How to complete this task — Please retype the records below exactly, omitting any images.

[Saved entries]
_ _ _

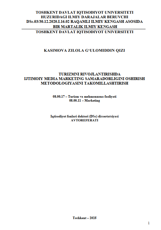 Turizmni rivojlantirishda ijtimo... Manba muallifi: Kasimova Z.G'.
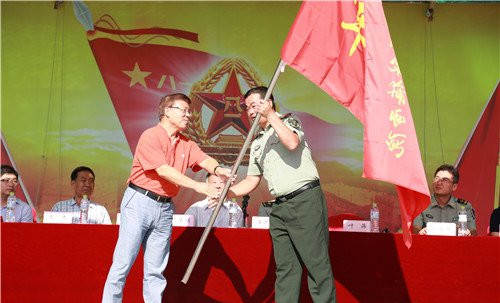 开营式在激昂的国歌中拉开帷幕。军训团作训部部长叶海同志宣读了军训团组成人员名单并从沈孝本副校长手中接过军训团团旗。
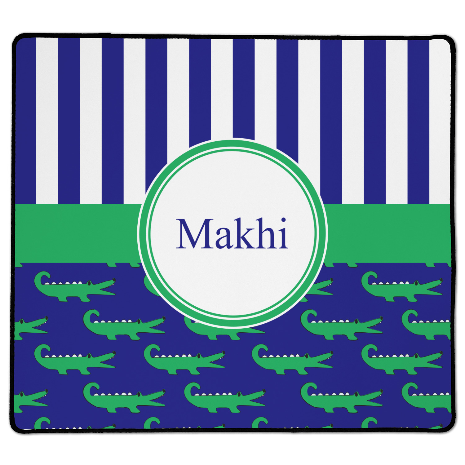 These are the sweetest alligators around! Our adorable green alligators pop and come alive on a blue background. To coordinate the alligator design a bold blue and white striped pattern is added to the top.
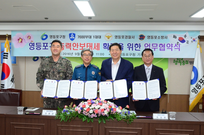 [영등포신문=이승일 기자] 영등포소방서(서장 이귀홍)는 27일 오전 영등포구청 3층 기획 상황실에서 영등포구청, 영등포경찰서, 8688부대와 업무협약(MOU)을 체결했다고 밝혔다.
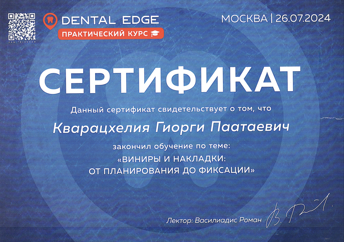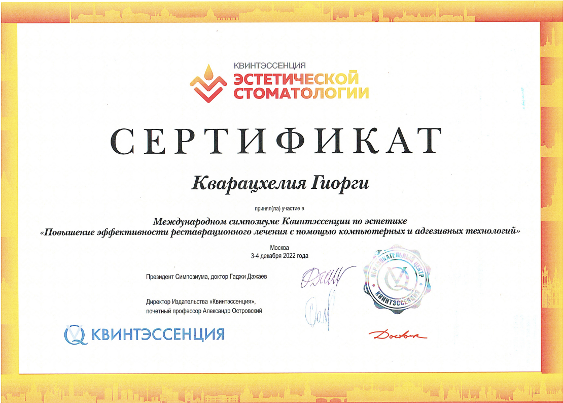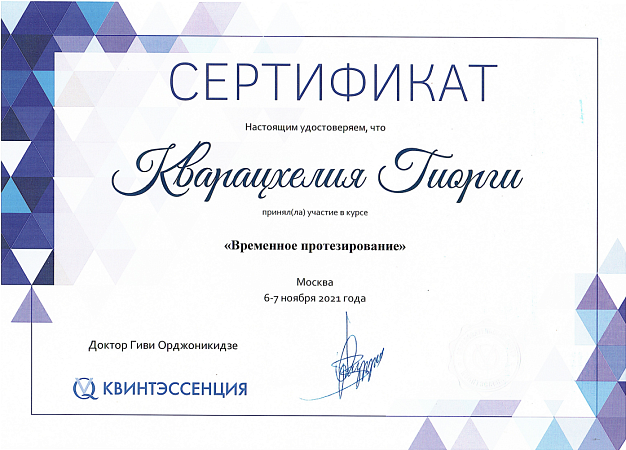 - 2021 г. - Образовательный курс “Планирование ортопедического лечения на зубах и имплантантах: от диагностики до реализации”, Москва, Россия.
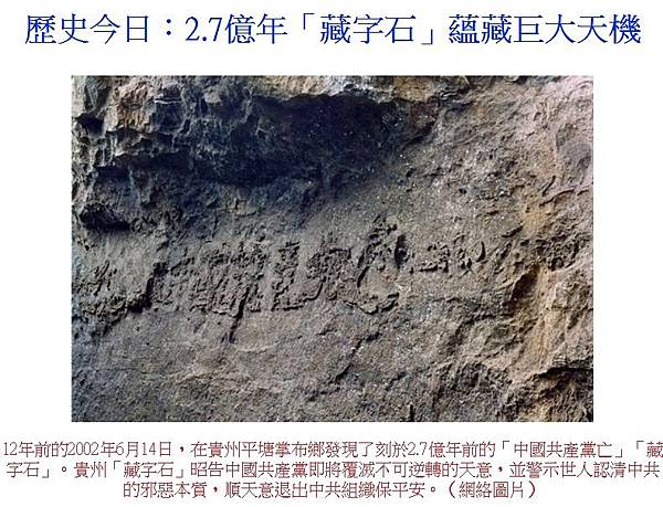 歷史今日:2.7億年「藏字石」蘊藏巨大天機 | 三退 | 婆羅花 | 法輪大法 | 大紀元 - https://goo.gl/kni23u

_ _ _

Answer to this problem —
 Turizmni rivojlantirishda ijtimo... Manba muallifi: Kasimova Z.G'.
 开营式在激昂的国歌中拉开帷幕。军训团作训部部长叶海同志宣读了军训团组成人员名单并从沈孝本副校长手中接过军训团团旗。
 These are the sweetest alligators around! Our adorable green alligators pop and come alive on a blue background. To coordinate the alligator design a bold blue and white striped pattern is added to the top.
 [영등포신문=이승일 기자] 영등포소방서(서장 이귀홍)는 27일 오전 영등포구청 3층 기획 상황실에서 영등포구청, 영등포경찰서, 8688부대와 업무협약(MOU)을 체결했다고 밝혔다.
 - 2021 г. - Образовательный курс “Планирование ортопедического лечения на зубах и имплантантах: от диагностики до реализации”, Москва, Россия.
 歷史今日:2.7億年「藏字石」蘊藏巨大天機 | 三退 | 婆羅花 | 法輪大法 | 大紀元 - https://goo.gl/kni23u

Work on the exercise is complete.